The Happiness Room

The Happiness Room

Bora Kamala

5

SURAT PERNYATAAN


Saya, F Jannati, mengikuti uji nyali masuk ke "The Happiness Room" tanpa paksaan siapa pun. Jika terjadi sesuatu dengan saya, maka ini murni atas tindakan saya pribadi dan bukan kesalahan dari pihak "Hotel Mahkota Dewa". Hal-hal mengenai hadiah dan barang-barang saya, akan diwariskan ke adik saya, Joe Zalianty, dan akan diurus oleh Mister Albert Timmerman selaku manajer hotel jika saya meninggal dunia karena acara ini. 


Demikian surat pernyataan ini saya buat dalam keadaan sadar dan tanpa paksaan siapa pun. 


Air Jernih, 29 Januari 2021



F Jannati 


Aku menandatangani surat itu, lalu menyodorkannya kepada Mister Albert. Meskipun surat itu tak kurang dari 88 kata, tapi untuk menulisnya aku butuh 37 jam 12 menit 57 detik. Dan ketika menulisnya, pulpenku sering tergelincir karena keringat dari sela-sela jariku. Huruf-huruf yang kususun pun tak mampu berdiri tegak karena tanganku terus bergetar. Ini semua tak akan terjadi seandainya Mister Albert tak membayar cicilan utang ayahku kepada Om Senang tempo hari lalu. 


Kau tahu siapa anak paling sial sedunia? Jika kau menjadi aku, aku yakin kau akan merasa bayi-bayi yang diaborsi itu lebih beruntung–ya, setidaknya mereka tidak harus disiksa orang tua mereka terus-menerus atau dipaksa membayar utang yang mereka sendiri tak tahu untuk apa. Setiap hari, setiap embusan napasmu, kau akan selalu bertanya: kenapa aku harus menanggung semua?, kenapa utang-utang itu harus jadi bebanku?, kenapa aku tidak mati saja?. Ah, bahkan, untuk mati pun, kau harus berpikir ulang karena ada nyawa seseorang yang bergantung kepadamu. Ya, begitulah hidup yang kujalani selama dua puluh tiga tahun ini.

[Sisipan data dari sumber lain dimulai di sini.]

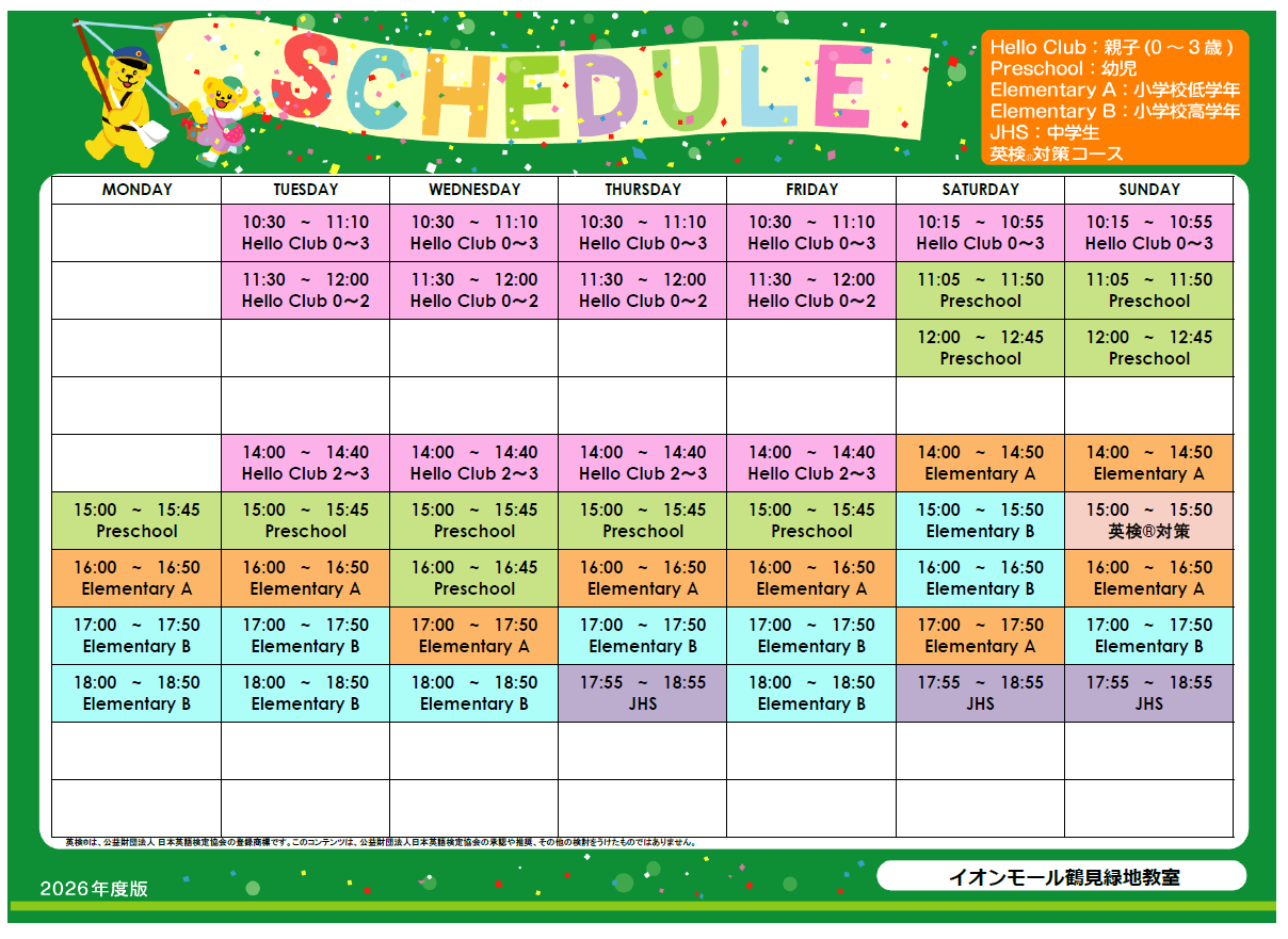 ※ 予告なく受付時間を変更する場合やスクールホリデー等があります。ご来校前にお電話にてご確認ください。
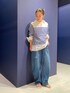 ボーダーのトップスはシアー感があり大人っぽく着用できるのが◎ 丈感が短めなのでシャツをレイヤードしたりカットソーを入れて着用するのもオススメです。 ボトムスは大人気のカーヴィーデニムを合わせてルーズなスタイリングに。
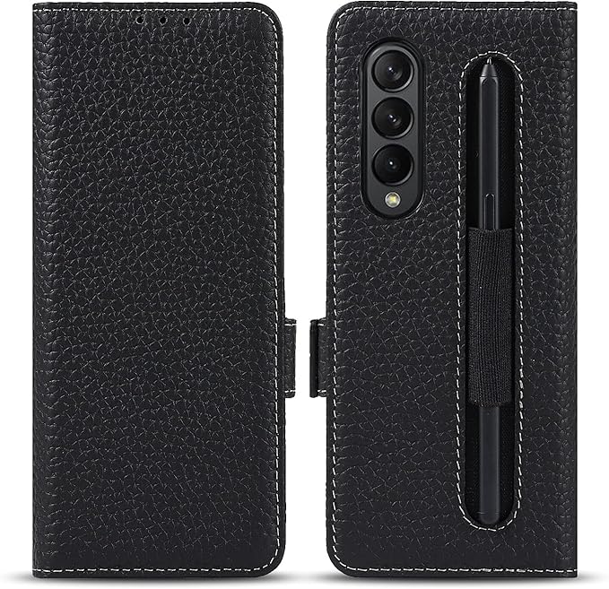 for Galaxy Z Fold3 5G ケース SC-55B SCG11 手帳型ケース Sペン収納付き 手作り柔らかい 牛革製品 本革レザー Pelanty サムスン ギャラクシー Z フォールド3 5g 携帯カバー ペンホルダー 財布型 カード収納 スタンド機能 内蔵マグネット 耐衝撃 [ブラック]
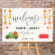Part of the Caramel Apple collection, this foam board Welcome sign emphasis the fall-like warmth of your theme. A welcome sign is the first thing your guests will see + provides a memorable photo drop!
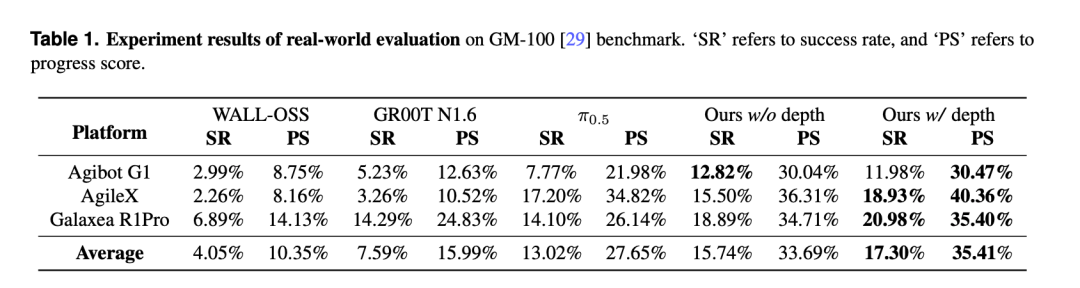 实验结果显示,无论在哪个平台上,LingBot-VLA 的成功率(SR)和部分成功率(PS,子步骤完成情况)都是最高的。尤其在融入基于深度的空间信息后,模型优势更加明显 —— 相比 Pi0.5 平均 SR 提高了 4.28%,PS 提高了 7.76%。这说明,无论是在复杂长序列任务的执行精度上,还是在面对新任务的适应能力上,LingBot-VLA 都展现出了更胜一筹的智能水平。
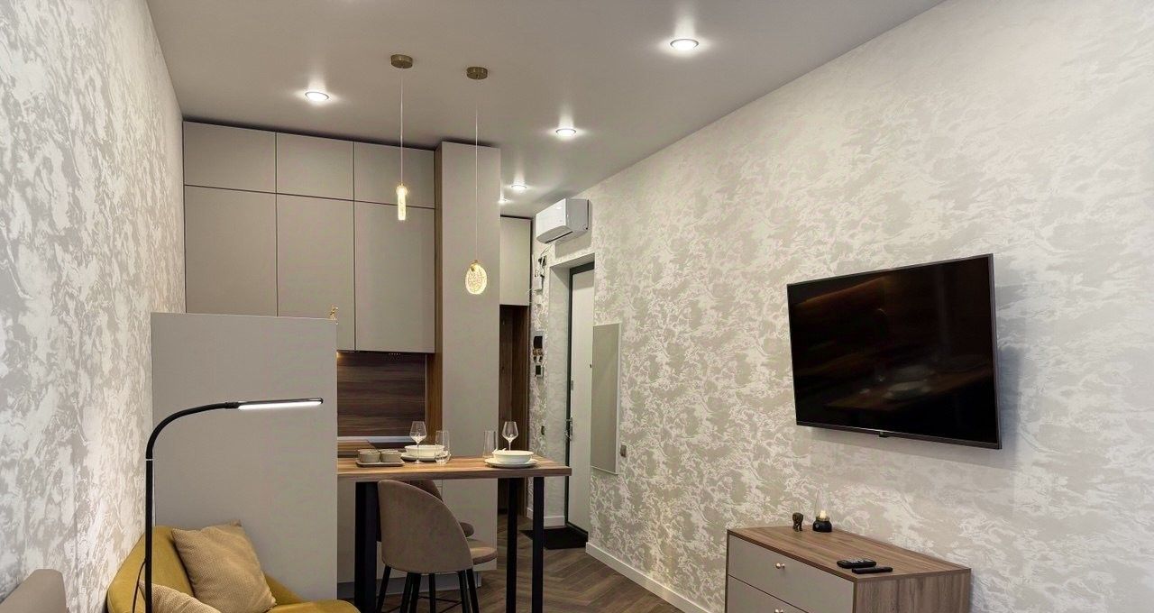 Уютная студия с продуманной планировкой и отличной локацией, идеально подходящая для комфортной жизни. Объект отличается рациональной планировкой с индивидуальным зонированием: выделена гостиная зона с диваном — редкое решение для студий, обычно объединяющих все функциональные зоны.
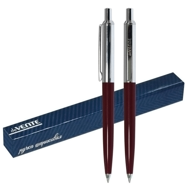 Ручка шариковая подарочная "deVENTE" d=1 мм, красным корпусом и хромированными элементами, сменный стержень, в подарочной коробке, синие чернила
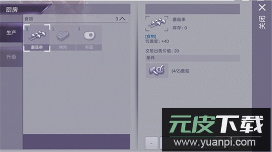 7、利用蘑菇可制作蘑菇串,每两份蘑菇合成一串,这是前期重要的补给来源。
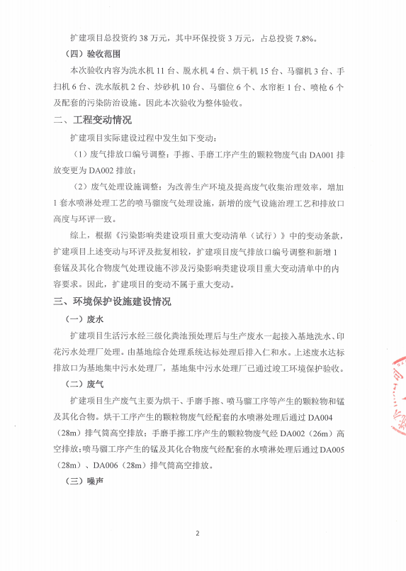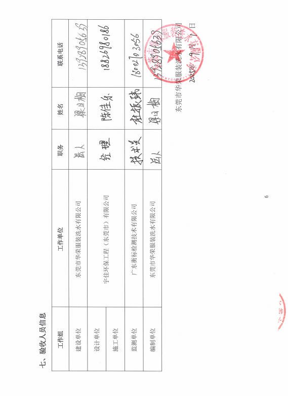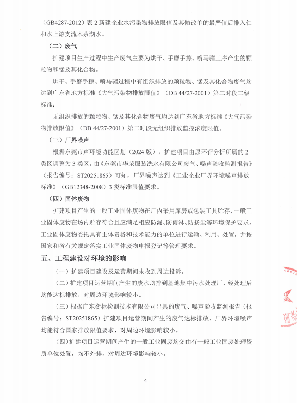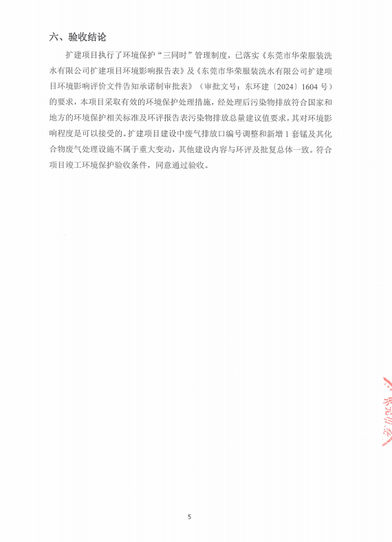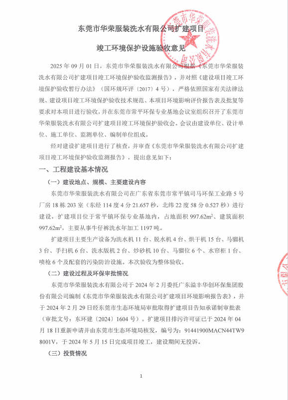东莞市华荣服装洗水有限公司扩建项目验收意见
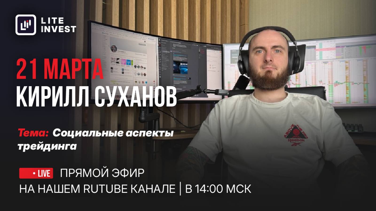 📢 Дорогие друзья и трейдеры нашей компании! Приглашаем вас! 🎉 21 марта на нашем канале RuTube пройдет Прямой эфир с Кириллом Сухановым – наставником и опытным трейдером на тему: 🔻«Социальные аспекты трейдинга» Кирилл раскроет данный вопрос и поделится своим опытом торговли, а также ответит на ваши вопросы 🧑🏽💻 Это отличная возможность пообщаться с профессионалом! ☝🏼 Не пропустите шанс узнать больше о мире трейдинга и взять на заметку ценные рекомендации! 📅 Когда: 21 марта в 14:00 по МСК Подписывайтесь, чтобы не пропустить эфир, и готовьте свои вопросы!
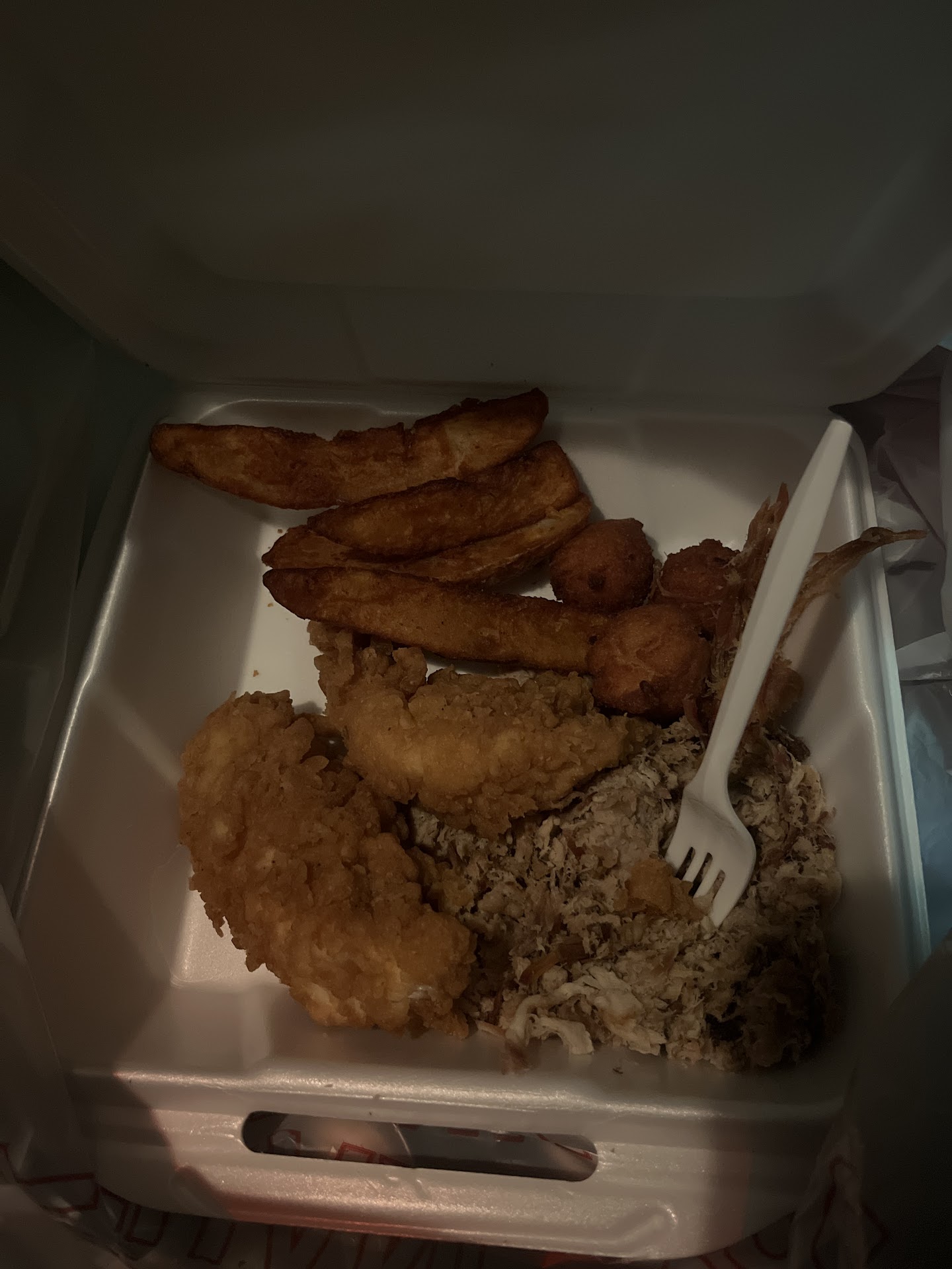 Read moreLived here 15 years and never had tried Butch's chicken tenders. (Think I have only been to the drive-thru once many years ago-and it took forever and was pricey so I never returned) Been wanting chicken tenders for a while now so decided to try their curbside ordering. The ordering itself was easy. Ordered 8 tenders and added 1 more... and potato wedges. It said we would have it in 10 minutes. We waited and waited... employees flying thru the door to talk in the parking lot and take their smoke breaks. They saw us waiting there and just ignored us. Then they all seemed to walk off and leave, but one lady stayed inside to take care of the drivethru window. We looked and it was 37 min, so my husband decided to go in and see what was going on. There sat our order. For who knows how long. She did explain there was no honey mustard, so we get that part. No apology was made about our food sitting, but the poor lady seemed at the end of her rope from everyone leaving. But when we open it...it is missing the extra tender and the wedges were fries. Food was like lukewarm. The tenders lacked any flavor and were greasy. So...needless to say - we won't be coming back. If you are local or just passing thru...save yourself the time and sadness and just go to Carolina Legendary Smoke. And no, we aren't related to or have any friends who work there. The end. PS: I would like to note our 14 yr old dog who wanted to come with was very happy with some pcs of chicken; and she would probably come back if she could get a...

Mister Albert membaca suratku sambil memilin kumis. "Semoga Yesus melindungimu," ucapnya lantas turut membubuhkan tanda tangan di sebelah namaku.


"Tuhan saya bukan Yesus, Mister," balasku. Sebenarnya aku sendiri tak yakin, Tuhan yang mana, yang mau menerima hamba yang tak pernah menyebut nama-Nya? Ya, tapi kudengar dari siraman-siraman rohani, Tuhan itu Maha Pengasih. Meskipun aku tidak pernah menemui-Nya, tapi Dia mau saja kutulis sebagai Tuhanku di KTP.


"Baik. Saya harap kamu bisa membawa pulang dua miliarmu." Mister Albert mengulurkan tangan.


Aku menjabatnya ragu-ragu. Ini bukan pilihan yang kuinginkan. Namun, aku tak punya jalan lain. Mungkin dengan cara ini, mereka-mereka yang bergantung kepadaku akan bahagia: ayah dan ibu di alam sana, dan adikku yang masih tersangkut di awang-awang–kuharap ia tak segera menyusul ayah-ibu. "Sebelum membuat pilihan ini, saya membaca ramalan, Mister. Mungkin hidup saya selalu sial. Tapi saya punya umur panjang."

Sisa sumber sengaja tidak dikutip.